In September 1988, marine biologist John Naughton, who had participated in the original search effort, discovered a wrecked boat on Sibylla Island, Taongi Atoll in the Marshall Islands while conducting wildlife surveys. The vessel was identified as the Sarah Joe through its registration and engine numbers. Investigators also discovered a shallow grave marked with a driftwood cross. Human remains recovered from the grave were subsequently identified as those of crew member Scott Moorman through dental records.

No remains belonging to the other four crew members were ever located.

== Investigation and theories ==

The discovery of both the boat and Moorman's grave raised new questions about the fate of the crew. Investigators concluded that wind and ocean currents could plausibly have carried the Sarah Joe from Hawaii to the Marshall Islands. However, the circumstances of Moorman's burial have never been fully explained. The grave appeared to have been deliberately constructed, leading to speculation that unknown individuals may have discovered the remains and buried them. Private investigator Steve Goodenow later suggested that Chinese fishermen illegally operating in the area may have found and buried the body without reporting it to authorities.
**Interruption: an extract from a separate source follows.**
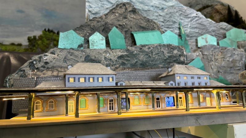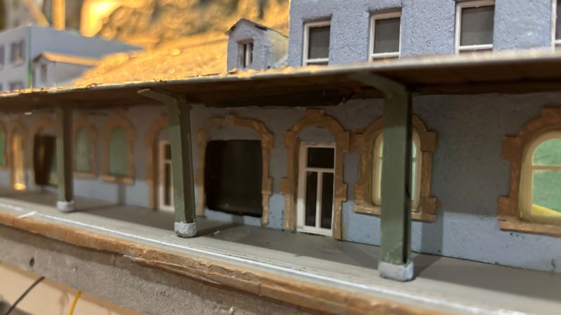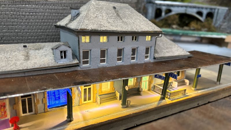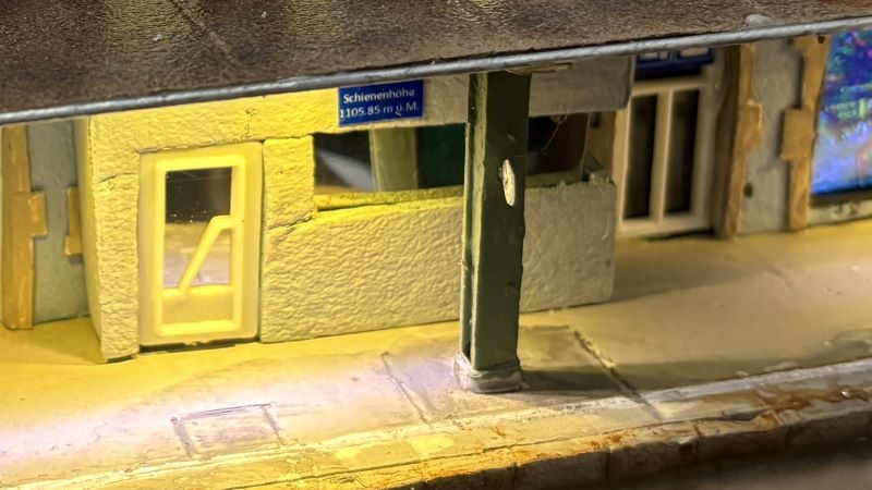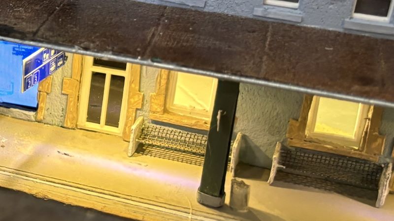 Het stationsgebouw is complete zelfbouw. De muren van XPS. De ramen zijn omlijst met stenen, die maak ik van karton. De raamluiken van Tie-wraps.

No evidence has ever conclusively established how long any of the crew survived after the boat disappeared, whether any reached land alive, or what became of the remaining four men.

== Legacy ==

The mystery attracted national attention in the United States and was later featured on the television series Unsolved Mysteries. The disappearance of the Sarah Joe continues to be cited as one of the most unusual unsolved maritime mysteries in the Pacific Ocean.

Memorial services have been held in Hāna to commemorate the five fishermen, and memorial plaques were installed in both Hāna and Taongi Atoll.